TradeSmith was built around investing software that “systematizes” investing — and, in doing so, helps you avoid the emotional missteps that can cost you dearly.
And I can tell you right now, the “systems” may be identifying a new class of stocks for 2023. If “tech” has had its day, and energy is destined to fade, the next candidate for a sector crown could be biotech/pharmaceutical stocks.
The Health Care Select Sector SPDR Fund (XLV) holds 63 stocks — with 45.16% of those considered healthy by our indicators, and 60.32% rated as “bullish,” meaning we anticipate they will move higher over the next few months.
Two standout health care stocks I’m watching are:
- Sotera Health Co. (SHC): The Ohio-based venture provides sterilization, lab testing, and advisory services to medical-device and pharmaceutical companies. After agreeing to pay off multiple lawsuits related to allegedly harmful factory emissions, Sotera’s stock price virtually doubled in one day. Since the beginning of the year, the share price has climbed 101%.

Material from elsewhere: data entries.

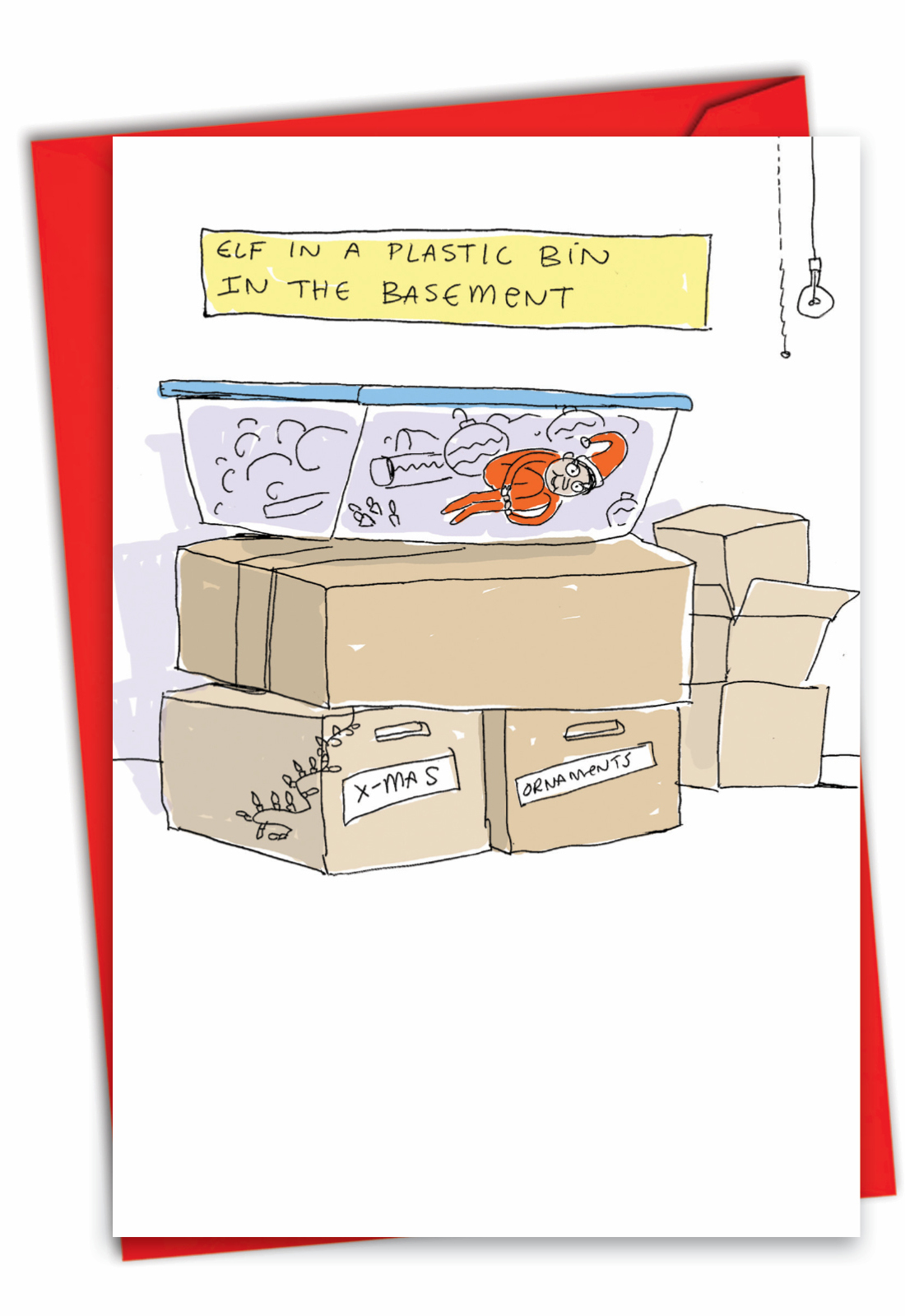 Elf in the Basement - Humorous Christmas Card, Wholesale
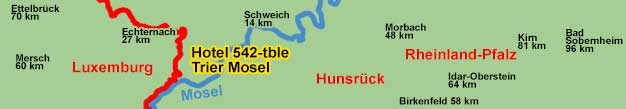 Wittlich (40 km), Bernkastel-Kues (47 km), Morbach (48 km), Traben-Trarbach (58 km), Birkenfeld
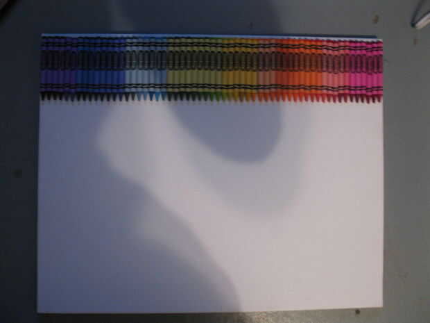 empezar pegar crayones con pistola de pegamento después de clasificar los lápices de colores. mina de izquierda a derecha y pegarlos para que el logo de crayola estaba mostrando como se ve. otra vez cola muy caliente.
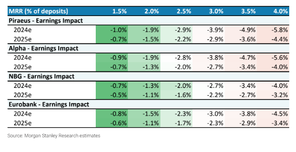Η Morgan Stanley εκτιμά πως «ο αντίκτυπος μιας πιθανής αλλαγές στα κέρδη των ελληνικών τραπεζών για το 2024 θα μπορούσε να είναι από 4% έως 6% και από 3% έως 4% για το 2025. Υποθέτοντας ένα ελάχιστο αποθεματικό στο 2%, τα αντίστοιχα ποσοστά θα ήταν 1% – 2% και 1% – 1,5%, αντίστοιχα.
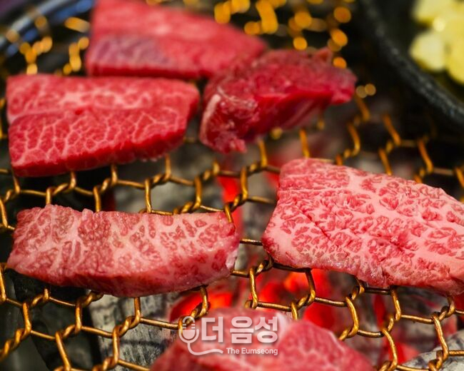 잘 달궈진 참숯 위에 구워지는 한우 스페셜 모듬
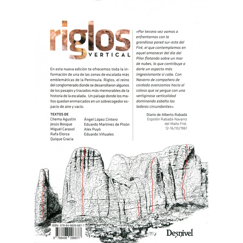 Welcher Kletterer möchte nicht mal die Route "Fiesta di los Bizeps" klettern? Aber auch wenn diese 7 Seillängen dann doch zu anspruchsvoll sind, die steinernen Flammen über der Ortschaft Riglos sind faszinierend und bieten auch viele einfachere Routen. Der Führer stellt die Gebiete, Sektoren und Routen anhand von Übersichtsskizzen, Piktogrammen, kurzen Texten, Ausrüstungsempfehlungen und aussagekräftigen Topos vor, so dass einem langen und unbeschwerten Aufenthalt in Riglos nichts im Wege steht. Das die Autoren einen hang zur Nostalgie haben zeigt nicht nur das Titelbild, sondern auch die abgebildeten Auszüge von Wandbüchern und alten handgezeichneten Toposkizzen.

- And, finally, Scilex Holding Co. (SCLX): The Palo Alto, California-based biotech focuses on non-opioid pain-management products. Scilex is projecting fiscal year 2022 revenue to be as high as $42 million, a year-over-year jump of as much as $11 million. Shares have already moved 81% since the start of 2023. Growth like that is definitely heading in the right direction. It’s got my attention.
There you have it.
We’ve given you new insights on what may come next for stocks.
And we’ve given you two stocks that could add some bacon-like “sizzle” to your portfolio.